Amable Arias (Bembibre del Bierzo, León, 1927–San Sebastián, 1984)

A highly original artist, Amable's painting was clearly influenced by art informel. After an early interest in landscapes, the artist gave up figurative art for an abstract work of delicate line and evanescent atmosphere. From 1971 he embellished his paintings with a repertoire of small, vaguely figurative forms painted on abstract backgrounds. A good example of this is Of the invisible II (1972), which expresses in tenuous colours the search for a coherent relation between the rarefied background and the corporeity of the pseudo-characters distributed over the painting.

 

Rafael Balerdi (San Sebastián, 1934 – Alicante, 1992)

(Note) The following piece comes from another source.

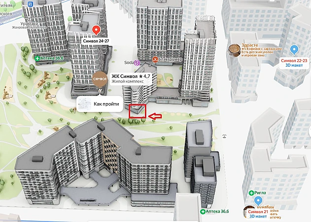 Сетевое окружение ЖК Символ: Пятерочка, Винлаб, ВкусВилл, Здрасте!, SODA, Britva, Ригла, Wildberries, OZON, ЯндексМаркет и другие арендаторы.

After a period of refined painting deployed with a sober palette, of the sort to be seen in Dark Geometric I(1956),Balerdi embraced a gestural version of art informel. Mesh I (1960) is one of his earliest experiences in this mode, and features a lyrical version with a line verging on the Oriental executed in long, clean-limbed strokes on a luminous background. From here on, Balerdi's painting became increasingly complex as he searched for coherence in composition based on organic or mineral motifs enhanced with the kind of intense colouring appreciable in Venice (1964-1972). Between 1980 and 1985 Balerdi painted works on paper exclusively. These are what are known as "chalks", done with pastels and wax crayons on large sheets of brown paper, a good selection of which are included here. From 1985, when he went back to oils, until his death, he produced a large, varied body of mostly abstract work. Even so, his paintings frequently included structures close to landscape and the human figure, which, being deformed by drawing and colour, as in Altea-90 XLII (1990), add a Surrealist touch to his compositions.

 

Néstor Basterretxea (Bermeo, Bizkaia, 1924-Hondarribia, Gipuzkoa, 2014)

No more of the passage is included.